Twelve percent of Americans are willing to pay more for greener electronics, according to a Forrester Research survey of 5,000 people. The study forecast that electronics companies will learn to target this segment of the population, equivalent to 25 million consumers.
The report broke down shoppers into three categories: "bright" green, green, and un-green. Another 41 percent may care about environmental woes, but not enough to pay more for greener gadgets, while green issues were of little or no concern to another 47 percent of people surveyed.
"Bright" green consumers are otherwise known by the marketing acronym LOHAS, which stands for Lifestyles of Health and Sustainability. Generally well-off, well-read and particular about what they buy, their predecessors include those who may have bought tofu from a "health food store" before Whole Foods ushered in an era of eco-supermarkets and Wal-Mart stocked organic broccoli.
However, in electronics there is no equivalent green brand to Whole Foods. Green labels on gadgets are not prominent, and products made by companies with ecologically aware practices generally don't cost more than others. People interested in buying more efficient products will see the EnergyStar seal on products.
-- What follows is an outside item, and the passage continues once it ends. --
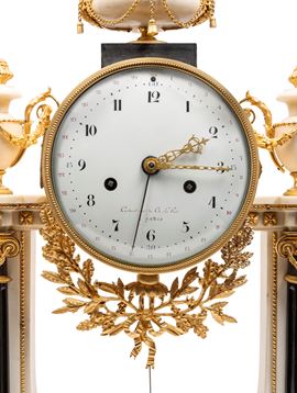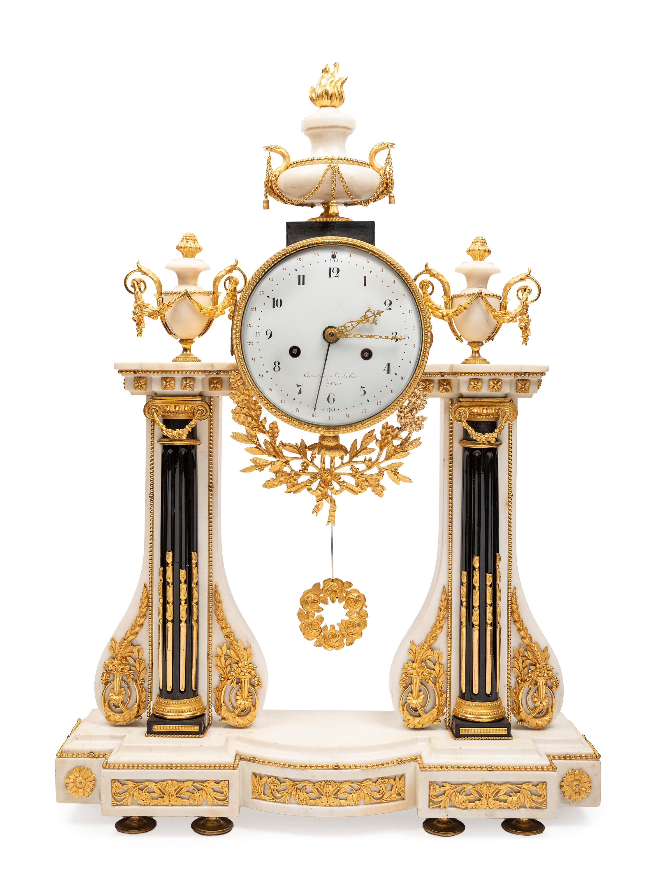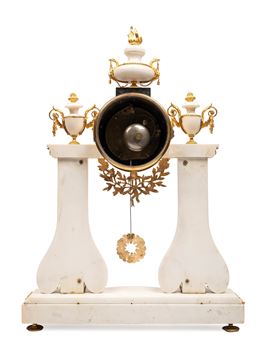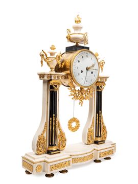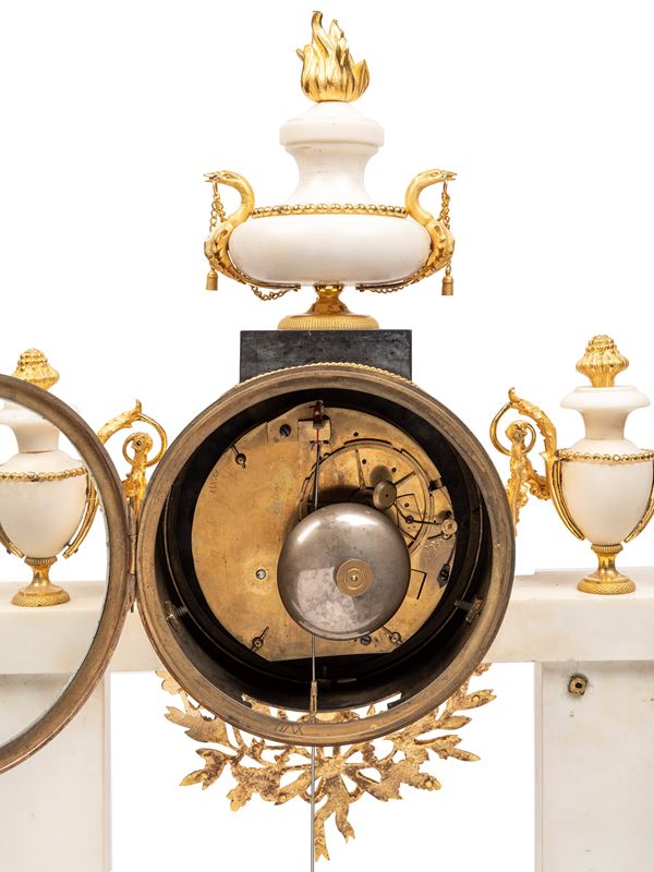 Prestigioso orologio a portico Luigi XVI in marmo bianco e nero, manifattura Parigi, epoca 1780. Movimento originale a filo del XVIII secolo, quadrante in smalto e meccanismo con suoneria delle ore e delle mezze e calendario del mese a 30 giorni. La cassa è arricchita da applicazioni finemente cesellate con ghirlande, capitelli e bassorilievi in bronzo dorato al mercurio.

EPEAT ratings of energy-efficient electronics, on the other hand, do not mark goods in stores.
The latest Greenpeace guide to greener electronics, released quarterly since August 2006, gave low marks last week to Nintendo, Philips and Microsoft. Apple, long the target of a Greenpeace campaign, improved its ranking. LG Electronics, HP and Sony also made significant gains in the environmental watchdog's rankings.